# Assigned task
Word for word and without images, reproduce the listing that follows.

Available data Block Start

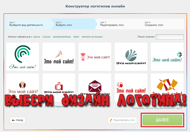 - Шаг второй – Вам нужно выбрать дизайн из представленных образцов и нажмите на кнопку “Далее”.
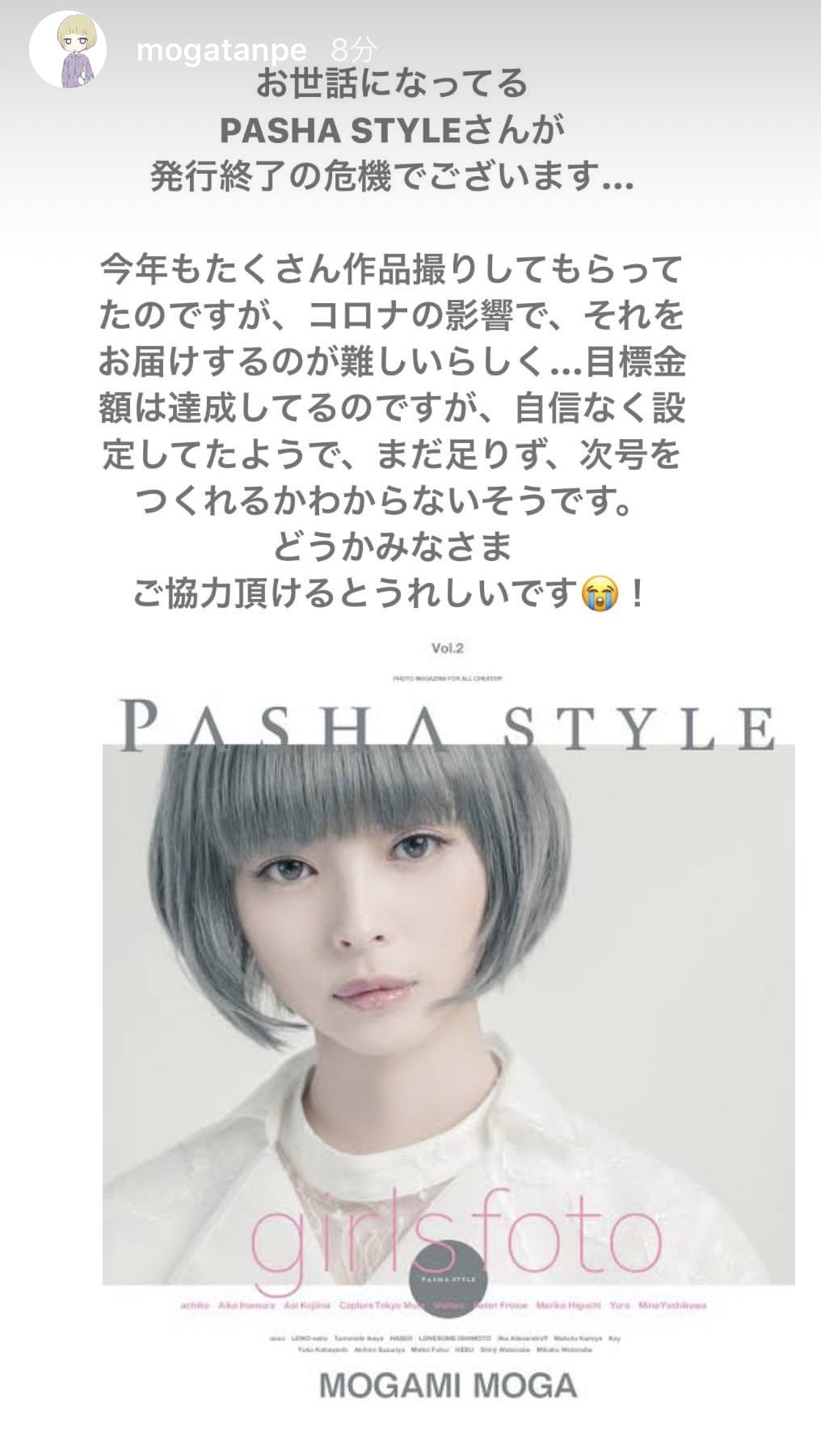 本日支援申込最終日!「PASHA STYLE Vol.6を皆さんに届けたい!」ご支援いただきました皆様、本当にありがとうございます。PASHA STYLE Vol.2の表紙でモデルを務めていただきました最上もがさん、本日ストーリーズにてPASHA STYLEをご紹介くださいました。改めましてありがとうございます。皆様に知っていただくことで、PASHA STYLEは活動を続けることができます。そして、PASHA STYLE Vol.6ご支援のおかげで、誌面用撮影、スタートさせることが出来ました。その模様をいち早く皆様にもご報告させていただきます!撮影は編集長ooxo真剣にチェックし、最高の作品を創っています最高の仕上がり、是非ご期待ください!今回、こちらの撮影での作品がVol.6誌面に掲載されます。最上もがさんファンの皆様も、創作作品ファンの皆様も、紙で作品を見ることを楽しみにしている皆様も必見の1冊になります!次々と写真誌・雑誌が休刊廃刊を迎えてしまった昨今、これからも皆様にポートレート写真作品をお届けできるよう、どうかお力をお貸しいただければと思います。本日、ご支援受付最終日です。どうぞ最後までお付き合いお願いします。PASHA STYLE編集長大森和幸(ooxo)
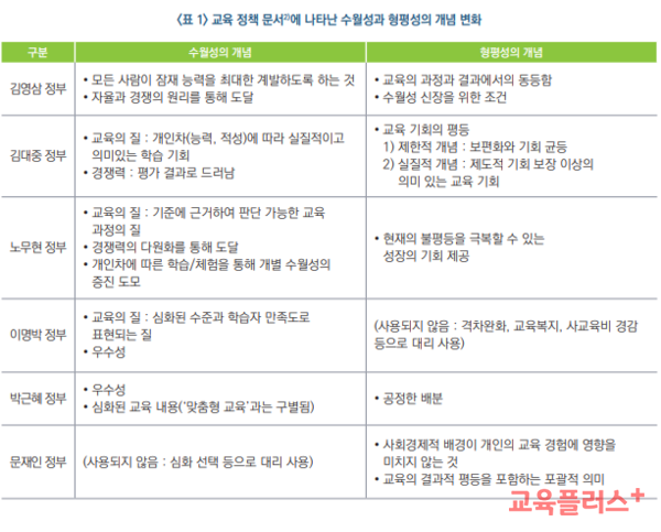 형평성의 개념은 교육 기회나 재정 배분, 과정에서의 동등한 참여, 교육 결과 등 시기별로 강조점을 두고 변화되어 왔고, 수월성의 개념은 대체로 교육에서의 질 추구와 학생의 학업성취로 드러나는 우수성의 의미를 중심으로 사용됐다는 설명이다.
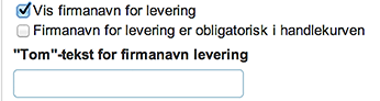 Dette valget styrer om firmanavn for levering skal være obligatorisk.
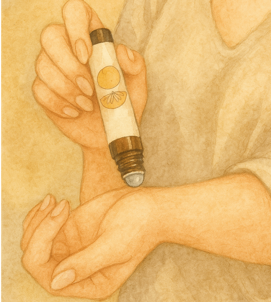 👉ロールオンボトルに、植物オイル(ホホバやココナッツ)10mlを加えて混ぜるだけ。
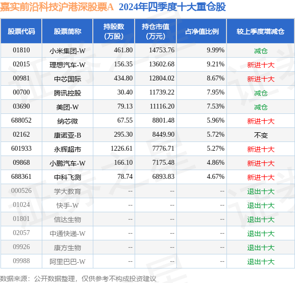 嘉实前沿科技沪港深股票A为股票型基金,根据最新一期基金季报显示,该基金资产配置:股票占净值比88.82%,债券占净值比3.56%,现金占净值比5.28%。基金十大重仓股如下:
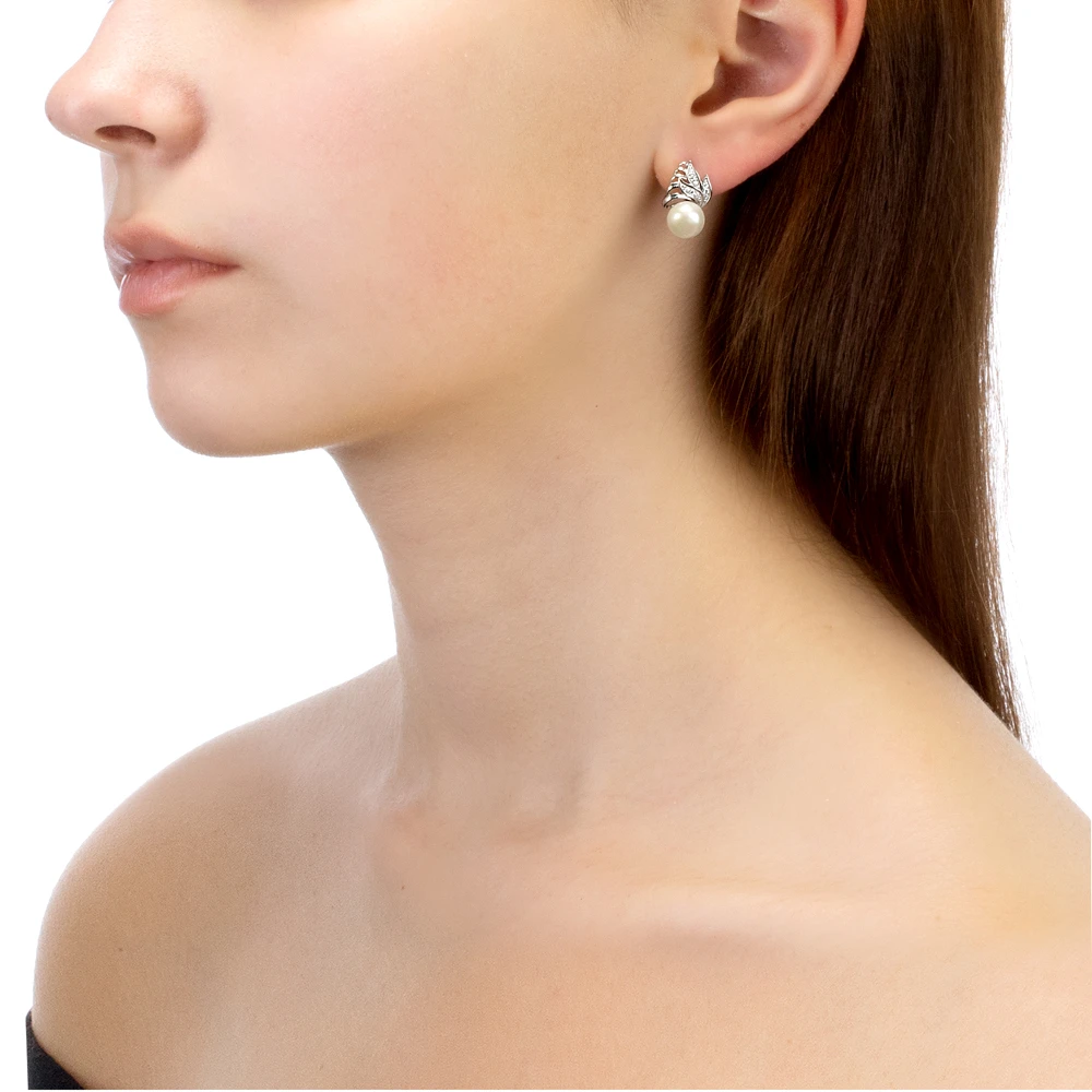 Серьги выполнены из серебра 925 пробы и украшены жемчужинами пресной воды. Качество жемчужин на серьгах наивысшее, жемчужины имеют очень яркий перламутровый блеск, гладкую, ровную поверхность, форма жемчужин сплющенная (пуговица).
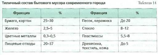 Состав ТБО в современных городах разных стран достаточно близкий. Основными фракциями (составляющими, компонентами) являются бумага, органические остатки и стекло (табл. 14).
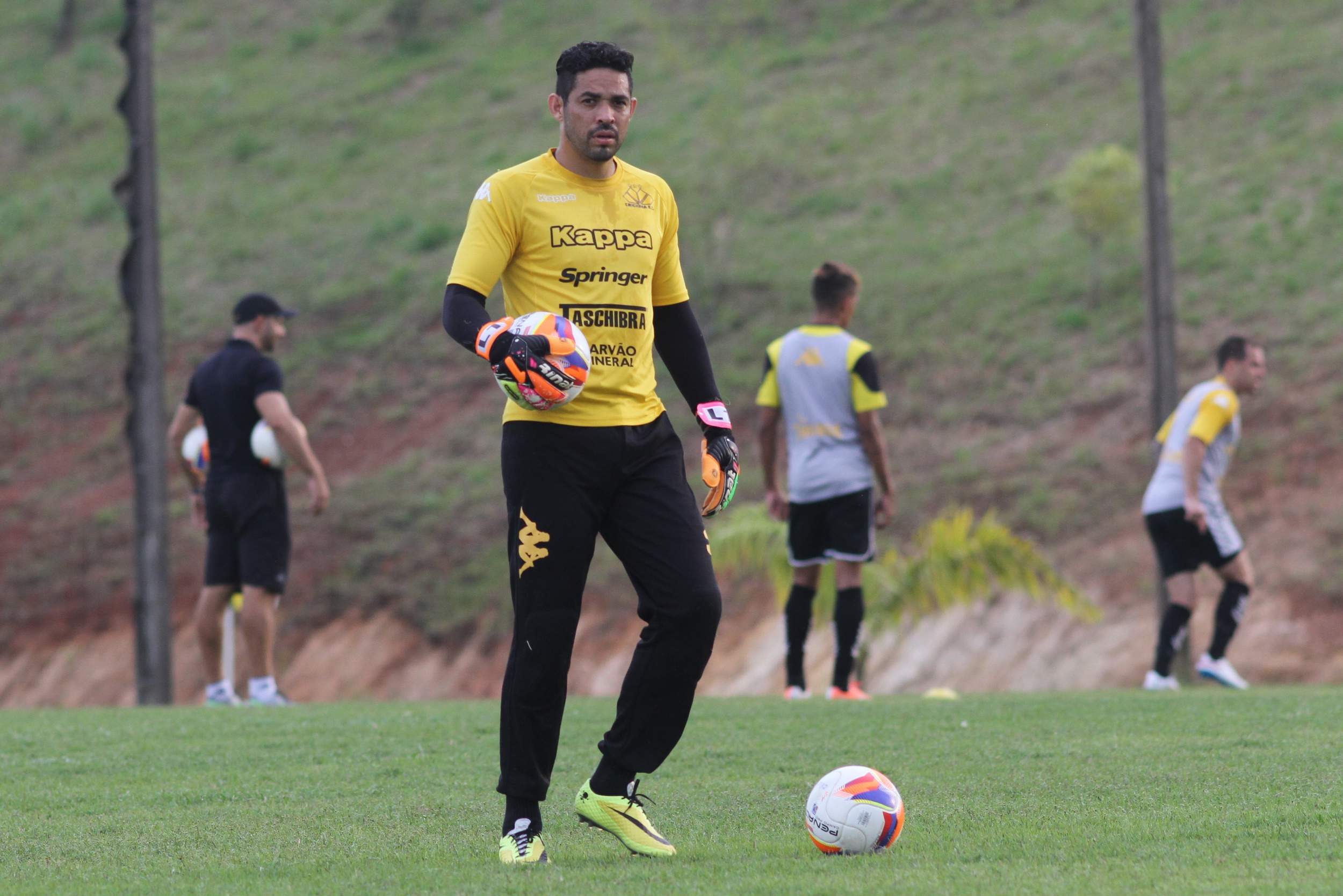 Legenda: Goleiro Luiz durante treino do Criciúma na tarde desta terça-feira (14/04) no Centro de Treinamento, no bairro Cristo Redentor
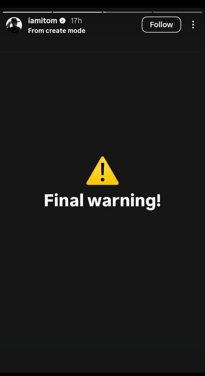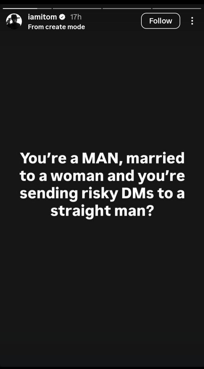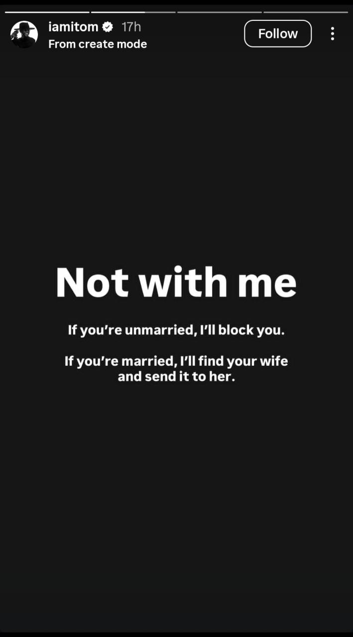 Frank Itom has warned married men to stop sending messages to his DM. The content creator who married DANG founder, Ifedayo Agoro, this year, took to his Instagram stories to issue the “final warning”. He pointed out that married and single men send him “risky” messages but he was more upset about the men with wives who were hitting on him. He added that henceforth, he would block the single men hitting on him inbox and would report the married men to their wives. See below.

Available data Block End

# Answer
 - Шаг второй – Вам нужно выбрать дизайн из представленных образцов и нажмите на кнопку “Далее”.
 本日支援申込最終日!「PASHA STYLE Vol.6を皆さんに届けたい!」ご支援いただきました皆様、本当にありがとうございます。PASHA STYLE Vol.2の表紙でモデルを務めていただきました最上もがさん、本日ストーリーズにてPASHA STYLEをご紹介くださいました。改めましてありがとうございます。皆様に知っていただくことで、PASHA STYLEは活動を続けることができます。そして、PASHA STYLE Vol.6ご支援のおかげで、誌面用撮影、スタートさせることが出来ました。その模様をいち早く皆様にもご報告させていただきます!撮影は編集長ooxo真剣にチェックし、最高の作品を創っています最高の仕上がり、是非ご期待ください!今回、こちらの撮影での作品がVol.6誌面に掲載されます。最上もがさんファンの皆様も、創作作品ファンの皆様も、紙で作品を見ることを楽しみにしている皆様も必見の1冊になります!次々と写真誌・雑誌が休刊廃刊を迎えてしまった昨今、これからも皆様にポートレート写真作品をお届けできるよう、どうかお力をお貸しいただければと思います。本日、ご支援受付最終日です。どうぞ最後までお付き合いお願いします。PASHA STYLE編集長大森和幸(ooxo)
 형평성의 개념은 교육 기회나 재정 배분, 과정에서의 동등한 참여, 교육 결과 등 시기별로 강조점을 두고 변화되어 왔고, 수월성의 개념은 대체로 교육에서의 질 추구와 학생의 학업성취로 드러나는 우수성의 의미를 중심으로 사용됐다는 설명이다.
 Dette valget styrer om firmanavn for levering skal være obligatorisk.
 👉ロールオンボトルに、植物オイル(ホホバやココナッツ)10mlを加えて混ぜるだけ。
 嘉实前沿科技沪港深股票A为股票型基金,根据最新一期基金季报显示,该基金资产配置:股票占净值比88.82%,债券占净值比3.56%,现金占净值比5.28%。基金十大重仓股如下:
 Серьги выполнены из серебра 925 пробы и украшены жемчужинами пресной воды. Качество жемчужин на серьгах наивысшее, жемчужины имеют очень яркий перламутровый блеск, гладкую, ровную поверхность, форма жемчужин сплющенная (пуговица).
 Состав ТБО в современных городах разных стран достаточно близкий. Основными фракциями (составляющими, компонентами) являются бумага, органические остатки и стекло (табл. 14).
 Legenda: Goleiro Luiz durante treino do Criciúma na tarde desta terça-feira (14/04) no Centro de Treinamento, no bairro Cristo Redentor
 Frank Itom has warned married men to stop sending messages to his DM. The content creator who married DANG founder, Ifedayo Agoro, this year, took to his Instagram stories to issue the “final warning”. He pointed out that married and single men send him “risky” messages but he was more upset about the men with wives who were hitting on him. He added that henceforth, he would block the single men hitting on him inbox and would report the married men to their wives. See below.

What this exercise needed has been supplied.